Continuing a bit on this cut fill part of the problem, I created a script based on the previous code (or actually based on this post Extract Raster Values using Numpy) that will create a point featureclass with the elevation of the projected road, the difference between elevation of the road and the DEM and an indication of Cut or Fill.
When you visualize the result it may look like this:
This is a 3D view of the road (black, draped over the DEM) and the points represent the projected road with the gradual elevation.
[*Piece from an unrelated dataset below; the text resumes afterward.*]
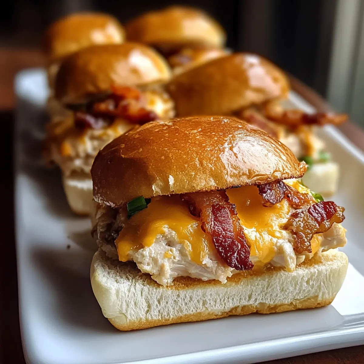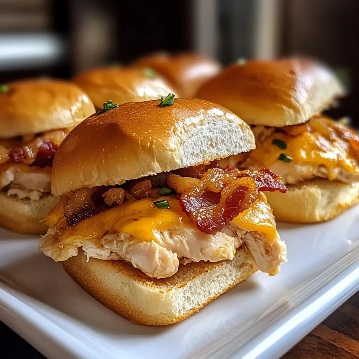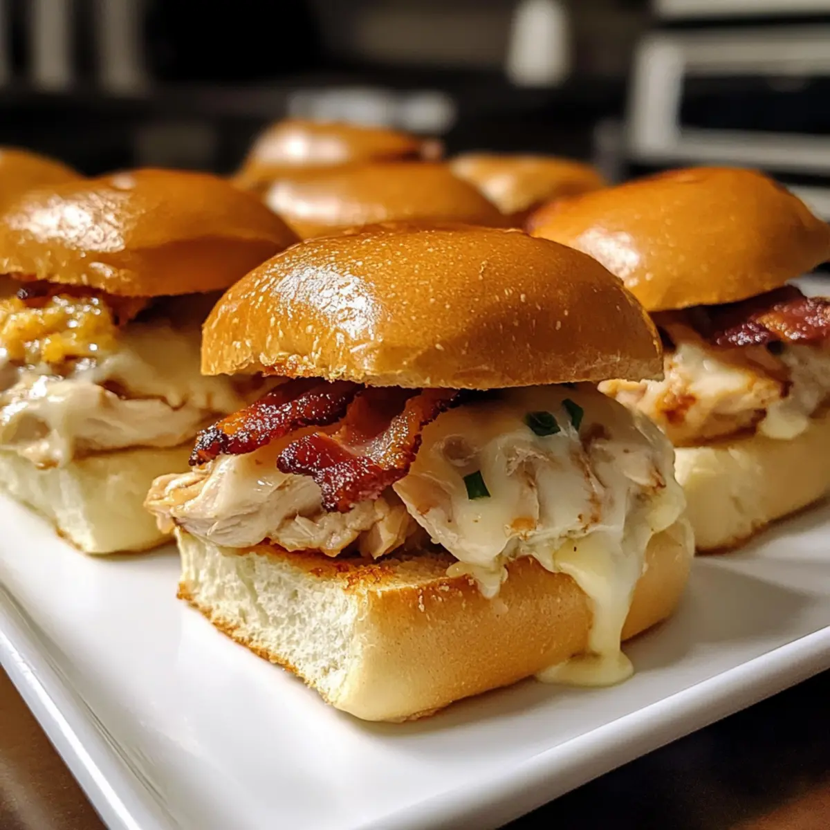 Die Frage kitzelt meine Neugier: Was könnte köstlicher sein als zarte Hähnchen-Bacon-Ranch-Slider, die zwischen fluffigen Brötchen versteckt sind? Diese kleinen Leckerbissen sind nicht nur mühelos zuzubereiten, sondern bringen auch einen Hauch von Geselligkeit auf jeden Tisch, perfekt für die nächste Grillparty oder den Familienabend. In gerade mal 40 Minuten stelle ich diese herzhaften Slider auf den Tisch und überrasche damit selbst die wählerischsten Esser. Mit knackigem Bacon und dem cremigen Geschmack von Ranch-Dressing sind sie nicht nur schnell gemacht, sondern auch für jeden Anlass anpassbar. Neugierig, wie Sie sie in Ihren eigenen Kreationen variieren können? Warum diese Slider ein Hit sind Einfachheit: Diese Hähnchen-Bacon-Ranch-Slider sind im Handumdrehen zubereitet und erfordern nur Grundkenntnisse beim Kochen. Vielseitigkeit: Sie können diese Slider ganz nach Ihrem Geschmack anpassen, sei es mit scharfen Jalapeños oder einer Avocado-Variante. Perfekte Wurstrolle: Die Kombination aus zartem Hähnchen, knusprigem Bacon und cremigem Ranch-Dressing zwischen fluffigen Brötchen sorgt für ein Geschmackserlebnis der Extraklasse. Geselligkeit: Ob beim Grillfest oder Familienabend, sie zaubern sofort ein Lächeln auf die Gesichter Ihrer Gäste. Schnell und einfach: In nur 40 Minuten sind diese Slider bereit, um serviert zu werden – ideal, wenn der Hunger schnell gestillt werden muss! Probieren Sie auch einmal die Wuerzige Chinakohl Rinderhack für eine weitere tolle Option auf der nächsten Feier! Hähnchen-Bacon-Ranch-Slider Zutaten • Diese Zutaten sind alles, was Sie für ein köstliches Slider-Erlebnis brauchen! Für die Füllung Hähnchenbrust – Der Hauptbestandteil; gut gekocht und zart zerrissen bringt es viel Geschmack. Olivenöl – Ein weiterer wichtiger Schritt; es verhindert das Anhaften beim Garen des Hähnchens. Knoblauchpulver – Verleiht dem Gericht eine würzige Note; perfekt, um das Hähnchen abzurunden. Zwiebelpulver – Für eine subtile Süße und Tiefe im Geschmack; ein Muss in jeder Gewürzmischung. Paprika – Sorgt für eine schöne Farbe und milde Schärfe; probieren Sie auch geräucherte Paprika für zusätzlichen Geschmack. Salz & Pfeffer – Unverzichtbar, um die Aromen zu intensivieren; immer nach Geschmack anpassen. Ranch-Dressing – Bindemittel und Geschmacksgeber; sorgt für die cremige Konsistenz und rundet die Füllung ab. Bacon – Knusprige Textur und umwerfender Geschmack; knusprig gebraten bietet er einen tollen Kontrast. Geriebener Cheddar-Käse – Diese schmelzende Köstlichkeit macht die Slider besonders verlockend; versuchen Sie auch andere geschmolzene Käsesorten! Für die Brötchen Slider-Brötchen – Die perfekte Basis; weich und fluffig, hält die Füllung gut zusammen; Vollkornbrötchen sind eine gesunde Alternative. Schritt-für-Schritt-Anleitung für Hähnchen-Bacon-Ranch-Slider Step 1: Ofen vorheizen Heizen Sie Ihren Ofen auf 175 °C (350 °F) vor, damit die Hähnchen-Bacon-Ranch-Slider gleichmäßig und perfekt gebacken werden. Während der Ofen vorheizt, bereiten Sie die anderen Schritte vor, um die Zubereitung effizienter zu gestalten. Step 2: Hähnchenbrust anbraten Erhitzen Sie in einer großen Pfanne etwas Olivenöl bei mittlerer Hitze. Würzen Sie die Hähnchenbrüste großzügig mit Knoblauchpulver, Zwiebelpulver, Paprika, Salz und Pfeffer. Braten Sie das Hähnchen für 6-7 Minuten pro Seite an, bis es goldbraun und durchgegart ist. Die Hähnchenbrust sollte eine Innentemperatur von 75 °C erreichen. Step 3: Hähnchen zerkleinern Nehmen Sie die Hähnchenbrüste aus der Pfanne und lassen Sie sie leicht abkühlen. Sobald sie kühl genug sind, zerkleinern Sie das Hähnchen mit zwei Gabeln in eine große Schüssel. Dies gibt den Hähnchen-Bacon-Ranch-Slidern eine zarte Textur, die perfekt in die weichen Brötchen passt. Step 4: Füllung zubereiten Mischen Sie das zerkleinerte Hähnchen in der Schüssel gründlich mit dem Ranch-Dressing. Rühren Sie alles gut um, sodass die Hähnchenstücke gleichmäßig mit der cremigen Sauce überzogen sind. Diese Mischung wird das Herzstück unserer Hähnchen-Bacon-Ranch-Slider und sorgt für saftige Aromen. Step 5: Brötchen vorbereiten Schneiden Sie die Slider-Brötchen in der Mitte durch und legen Sie die unteren Hälften in eine große Auflaufform. Achten Sie darauf, dass die Brötchen gut nebeneinander Platz haben, um die Füllung gut zu halten. Diese Grundlage sorgt für das ideale Bett für die köstliche Füllung. Step 6: Füllung auftragen Verteilen Sie die Hähnchenmischung gleichmäßig auf die unteren Brötchenhälften in der Auflaufform. Achten Sie darauf, dass jede Hälfte gut bedeckt ist und dass die Aromen überall gut verteilt sind. Diese Schicht wird mit knusprigem Bacon und Käse bedeckt, was den Geschmack der Hähnchen-Bacon-Ranch-Slider intensiviert. Step 7: Bacon und Käse hinzufügen Legen Sie die knusprig gebratenen Baconstreifen gleichmäßig über die Hähnchenfüllung. Streuen Sie den geriebenen Cheddar-Käse großzügig darüber, um zusätzlichen Geschmack und eine geschmolzene Textur zu verleihen. Diese Kombination wird zu einem köstlichen Genuss gehören, wenn die Slider gebacken sind. Step 8: Bedecken und backen Legen Sie die oberen Hälften der Brötchen auf die belegten unteren Hälften. Decken Sie die Auflaufform mit Aluminiumfolie ab und backen Sie die Hähnchen-Bacon-Ranch-Slider für 15 Minuten. Dies sorgt dafür, dass die Aromen sich gut vermischen und die Brötchen weich bleiben. Step 9: Finale Backzeit Entfernen Sie die Folie und backen Sie die Slider für zusätzliche 5 Minuten, bis der Käse geschmolzen und die Oberseiten der Brötchen goldbraun sind. Achten Sie darauf, dass der Käse blubbert und ein köstlicher Duft durch die Küche zieht. Step 10: Abkühlen und Servieren Lassen Sie die Hähnchen-Bacon-Ranch-Slider nach dem Backen etwas abkühlen, damit Sie sie leichter schneiden können. Dann schneiden Sie sie in Portionen u

The points on the road indicate cut (blue) or fill (red) and the amount (elevation difference between projected road and DEM).
The code used for this is:
import arcpy
import os
def main():
arcpy.env.overwriteOutput = True
# inputs
dem = r"D:\Xander\GeoNet\RoadSlope\gdb\test.gdb\DEM03"
fc = r"D:\Xander\GeoNet\AcresMultiSDE\roads.gdb\roads"
fc_out = r"D:\Xander\GeoNet\RoadSlope\gdb\test.gdb\points_v03"
fld_objid = "RoadObjectID"
fld_slope = "Slope"
fld_demZ = "ElevationDEM"
fld_roadZ = "ElevationRoad"
fld_difz = "ElevationDif"
fld_cutfill = "CutOrFill"
# describe input
sr = arcpy.Describe(fc).spatialReference
# create output fc
fc_ws, fc_name = os.path.split(fc_out)
arcpy.CreateFeatureclass_management(out_path=fc_ws, out_name=fc_name,
geometry_type="POINT", has_m="ENABLED",
has_z="ENABLED", spatial_reference=sr)
# add fields
AddField(fc_out, fld_objid, "LONG")
AddField(fc_out, fld_slope, "DOUBLE")
AddField(fc_out, fld_demZ, "DOUBLE")
AddField(fc_out, fld_roadZ, "DOUBLE")
AddField(fc_out, fld_difz, "DOUBLE")
AddField(fc_out, fld_cutfill, "TEXT", 12)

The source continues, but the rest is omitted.